Gloriously wide and lush (cinematography by Ian Jones), all the stories are focused through men, of course, a point made clear enough in a series of penis jokes (“You’re laughing at me because you think my prick has gone limp,” etc.), as well as the emphasis on self-definition by possession of women. Yeeralparil watches Ridjimiraril’s “number three wife… the beautiful one,” Munandjarra (Cassandra Malangarri Baker), he is transformed, feeling both guilty and emboldened, at times unable to stop himself from walking near her, just to look. The older wives keep her close, anticipating trouble among their unsubtle men. Little does any of them suspect that another (though similar) trouble will come from outside, in the form of the Stranger (Michael Dawu).
“He had the smell of someone very dangerous,” says Minygululu, even as the tribesmen within his story suspect that he covers his loins because he has something to hide (“Never trust a man with a small prick”). Their suspicions are further aroused when Ridjimiraril’s second wife Nowalingu (Frances Djulibing) disappears. As they imagine the various explanations for her sudden absence — she ran away, she was kidnapped — the camera pans around the circle of men, their contemplations of dire scenarios made visible in brief, urgent-seeming scenes. Repeatedly, the camera pulls out from the closing shot, so Nowalingu recedes, her smallness signaling her status as both incidental and crucial to the men’s self-concerns.

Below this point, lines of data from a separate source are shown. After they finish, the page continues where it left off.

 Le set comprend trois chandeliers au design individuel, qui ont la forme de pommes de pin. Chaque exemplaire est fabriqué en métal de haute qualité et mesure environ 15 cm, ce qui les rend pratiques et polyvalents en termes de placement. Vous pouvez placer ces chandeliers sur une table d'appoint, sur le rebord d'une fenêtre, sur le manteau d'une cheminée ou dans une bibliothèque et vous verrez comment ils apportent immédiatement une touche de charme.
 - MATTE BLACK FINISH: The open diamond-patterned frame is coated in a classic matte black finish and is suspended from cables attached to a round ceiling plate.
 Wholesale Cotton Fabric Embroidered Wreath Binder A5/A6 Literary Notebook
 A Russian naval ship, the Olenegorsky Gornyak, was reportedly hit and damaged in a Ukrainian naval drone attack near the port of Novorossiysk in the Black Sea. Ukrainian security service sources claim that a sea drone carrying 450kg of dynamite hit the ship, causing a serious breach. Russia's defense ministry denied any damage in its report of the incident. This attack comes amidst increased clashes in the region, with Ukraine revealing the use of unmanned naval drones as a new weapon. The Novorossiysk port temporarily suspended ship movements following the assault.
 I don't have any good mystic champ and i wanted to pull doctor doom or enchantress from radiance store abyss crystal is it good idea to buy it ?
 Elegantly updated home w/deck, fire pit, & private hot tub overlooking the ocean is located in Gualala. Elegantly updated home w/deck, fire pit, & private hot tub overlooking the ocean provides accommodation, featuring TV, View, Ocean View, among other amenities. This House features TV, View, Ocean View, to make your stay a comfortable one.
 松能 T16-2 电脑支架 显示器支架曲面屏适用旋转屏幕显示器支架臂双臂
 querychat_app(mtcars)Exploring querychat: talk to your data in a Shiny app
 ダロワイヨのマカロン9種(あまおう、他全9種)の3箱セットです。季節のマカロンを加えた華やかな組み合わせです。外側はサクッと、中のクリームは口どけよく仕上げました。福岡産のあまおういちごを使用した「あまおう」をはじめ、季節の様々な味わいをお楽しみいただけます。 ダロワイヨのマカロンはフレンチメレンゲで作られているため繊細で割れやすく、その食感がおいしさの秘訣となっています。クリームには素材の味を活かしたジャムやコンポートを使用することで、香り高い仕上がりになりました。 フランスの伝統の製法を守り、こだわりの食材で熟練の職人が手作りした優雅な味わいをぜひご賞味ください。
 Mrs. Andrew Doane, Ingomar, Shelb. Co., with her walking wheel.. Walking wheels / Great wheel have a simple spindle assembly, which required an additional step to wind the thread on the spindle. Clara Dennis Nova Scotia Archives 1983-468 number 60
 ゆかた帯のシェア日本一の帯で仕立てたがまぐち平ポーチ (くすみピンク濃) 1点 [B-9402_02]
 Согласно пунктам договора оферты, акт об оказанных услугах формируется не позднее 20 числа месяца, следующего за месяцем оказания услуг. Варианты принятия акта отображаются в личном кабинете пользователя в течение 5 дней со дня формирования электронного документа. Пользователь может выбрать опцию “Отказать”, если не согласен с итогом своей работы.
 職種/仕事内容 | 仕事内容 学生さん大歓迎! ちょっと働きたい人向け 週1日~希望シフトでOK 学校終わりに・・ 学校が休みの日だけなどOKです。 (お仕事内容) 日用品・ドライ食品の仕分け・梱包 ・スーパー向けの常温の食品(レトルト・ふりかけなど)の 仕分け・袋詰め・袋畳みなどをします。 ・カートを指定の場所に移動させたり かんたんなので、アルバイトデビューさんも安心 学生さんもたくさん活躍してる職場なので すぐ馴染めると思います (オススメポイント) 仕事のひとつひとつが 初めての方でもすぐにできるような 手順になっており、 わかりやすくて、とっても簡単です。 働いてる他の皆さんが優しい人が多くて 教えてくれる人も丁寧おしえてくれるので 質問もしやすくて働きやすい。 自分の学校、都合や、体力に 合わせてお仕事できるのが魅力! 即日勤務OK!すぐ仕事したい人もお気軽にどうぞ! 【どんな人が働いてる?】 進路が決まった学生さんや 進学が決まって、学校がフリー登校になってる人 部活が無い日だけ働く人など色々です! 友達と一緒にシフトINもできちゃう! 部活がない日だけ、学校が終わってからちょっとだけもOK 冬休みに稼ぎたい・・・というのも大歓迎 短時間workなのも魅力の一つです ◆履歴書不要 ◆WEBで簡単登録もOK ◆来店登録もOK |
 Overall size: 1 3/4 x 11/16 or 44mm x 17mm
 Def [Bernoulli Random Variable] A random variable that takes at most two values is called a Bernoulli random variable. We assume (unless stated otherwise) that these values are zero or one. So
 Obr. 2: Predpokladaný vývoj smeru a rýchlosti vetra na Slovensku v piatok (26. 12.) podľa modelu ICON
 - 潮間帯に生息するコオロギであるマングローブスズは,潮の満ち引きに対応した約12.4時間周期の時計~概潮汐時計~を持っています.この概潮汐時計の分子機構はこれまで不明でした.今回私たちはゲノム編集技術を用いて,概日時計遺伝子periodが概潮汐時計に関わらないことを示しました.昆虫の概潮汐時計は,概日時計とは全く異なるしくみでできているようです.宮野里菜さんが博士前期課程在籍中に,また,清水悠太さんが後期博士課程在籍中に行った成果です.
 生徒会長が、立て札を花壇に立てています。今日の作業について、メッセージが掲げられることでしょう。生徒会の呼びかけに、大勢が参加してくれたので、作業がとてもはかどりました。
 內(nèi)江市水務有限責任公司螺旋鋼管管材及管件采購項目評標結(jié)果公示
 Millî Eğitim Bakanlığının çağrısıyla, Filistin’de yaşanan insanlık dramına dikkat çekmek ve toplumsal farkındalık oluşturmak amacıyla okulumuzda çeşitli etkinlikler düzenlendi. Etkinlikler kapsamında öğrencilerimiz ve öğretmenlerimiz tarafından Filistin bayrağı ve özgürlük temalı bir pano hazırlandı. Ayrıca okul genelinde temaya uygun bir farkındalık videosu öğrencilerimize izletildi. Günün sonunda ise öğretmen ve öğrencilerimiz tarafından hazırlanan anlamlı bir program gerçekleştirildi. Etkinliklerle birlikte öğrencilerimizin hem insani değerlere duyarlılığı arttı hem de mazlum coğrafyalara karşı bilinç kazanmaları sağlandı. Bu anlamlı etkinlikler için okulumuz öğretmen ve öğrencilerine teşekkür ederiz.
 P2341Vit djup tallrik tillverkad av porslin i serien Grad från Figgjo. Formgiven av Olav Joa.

As they wonder what happened and what to do, their questions are at once moral and philosophical, narcissistic and historicized. Should they seek vengeance? How or on whom? Should they believe someone who happens by, saying he’s sighted her many months after the loss? And how do they contend with the assertions of meaning and fact by the Sorcerer (Philip Gudthaykudthay), who shows up in Gulpilil’s story almost by accident, after the fat-belled Birrinbirrin (Richard Birrinbirrin) mentions him (“Ah yes,” sighs Gulpilil, “I nearly forgot that sorcerer. He was old and very powerful, he had good magic and bad magic. He lived by himself to keep his magic secret”). Nowalingu is more emblematic than individual (in this, she is somewhat meta, as all characters in the film mean beyond themselves). And yet her absence drives the men to actions, mistakes as well as apparently valiant essays.
It hardly seems incidental that a revenge effort goes wrong, leading to yet another desire for payback, the second communal, a ceremony called makarrata. Here the ceremony leads to dire, poetic, and oddly inspirational consequences, and perhaps some lessons, especially when it’s revealed to be unnecessary, or at least premised on faulty information. But the question of choice is central to Ten Canoes. As thoughtful and self-reflective and conscious of history as the tribesmen appear to be, they make choices that can be wrong and irrational, sophisticated and cyclical. As they prepare for battles or hunts, deaths or other reckonings, the film shows their bodies altered (strikingly, with white body paint) and energies focused (in close-ups and full-body shots, taut or at ease). A study of community and ritual, Ten Canoes celebrates as it contemplates, emphasizing the fact that this collection of stories, Gulpilil’s story in its many layers, is seen.
At the movie’s start, Gulpilil describes his own beginning. “I come from a water hole,” he says, “I was looking like a little fish in my water hole… When I die, I’ll go back to my water hole. I’ll be waiting here like a little fish, waiting to be born again.” The cycles he describes suggest that men’s choices only lead back to others — choices, lives, beginnings. “Now you’ve seen my story,” he says, “not like your story, but a good story all the same.” And how you see it: that may be your story.